Marcella smiled shyly. “I can't write, Serena … your grandmother always told me that I should learn, ma …” She shrugged in a helpless gesture as Serena smiled in answer.

“Va bene.” It's all right. But how easily said after two terror-filled years. How much anxiety she would have been spared if the old woman had at least been able to write and tell her of her grandmother's death. “And …” She hated to say his name, even now. “Sergio?”

There was a moment's pause and Marcella took a careful breath. “He's gone, Serena.”

“Where?” Her eyes searched the old woman's. She had come four thousand miles and two and a half years for this news. “Where is he?”

“Dead.”

“Sergio?” This time Serena looked, shocked. “Why?” For an instant there was a flash of satisfaction. Perhaps in the end they had killed him too.
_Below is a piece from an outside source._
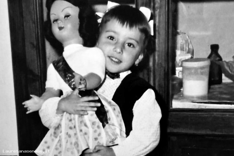 La felicità gli si legge negli occhi per il regalo della bambola, ricevuto da babbo Marcello.

“I don't know all of it. He made terrible debts. He had to sell the house in Venice.” And then, almost apologetically, she waved at the white marble palazzo behind them. “He sold this … only two months after your grandmother died and he brought me back to Rome.” Her eyes sought Serena's then, looking for condemnation. She had come with Sergio, he who had betrayed her parents, whom even the principessa had come to hate. But she had come home to Rome with him. She had had nowhere else to go, Serena understood. Except for the elderly principessa, Marcella had been alone in the world. “I don't understand what happened. But they got angry with him. He drank. He was drunk all the time.” She looked knowingly at Serena. He had had good reason to be drunk all the time. He had had a lot to live with, the murder of his own brother, his brother's wife.… “He borrowed money from bad people, I think. They came here, to the palazzo, late at night. They shouted at him. He shouted back. And then … II Duce's men came here too. They were angry at him too … perhaps because of the other men. I don't know. One night I heard them threatening to kill him.…”
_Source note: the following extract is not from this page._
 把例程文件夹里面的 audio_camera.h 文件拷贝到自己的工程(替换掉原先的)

“And they did?” Serena's eyes lit up with an ugly fire. Perhaps he had come by his just deserts after all.

“No.” Marcella shook her head. Her voice was without pity in the summer night. “He killed himself, Serena. He shot himself in the garden, two months after the principessa died. He had no money left, he had nothing. Only debts. The lawyers told me that it took everything, the money from both houses and everything else, to pay his debts.” Then there was nothing left. It didn't matter. She hadn't come home for that.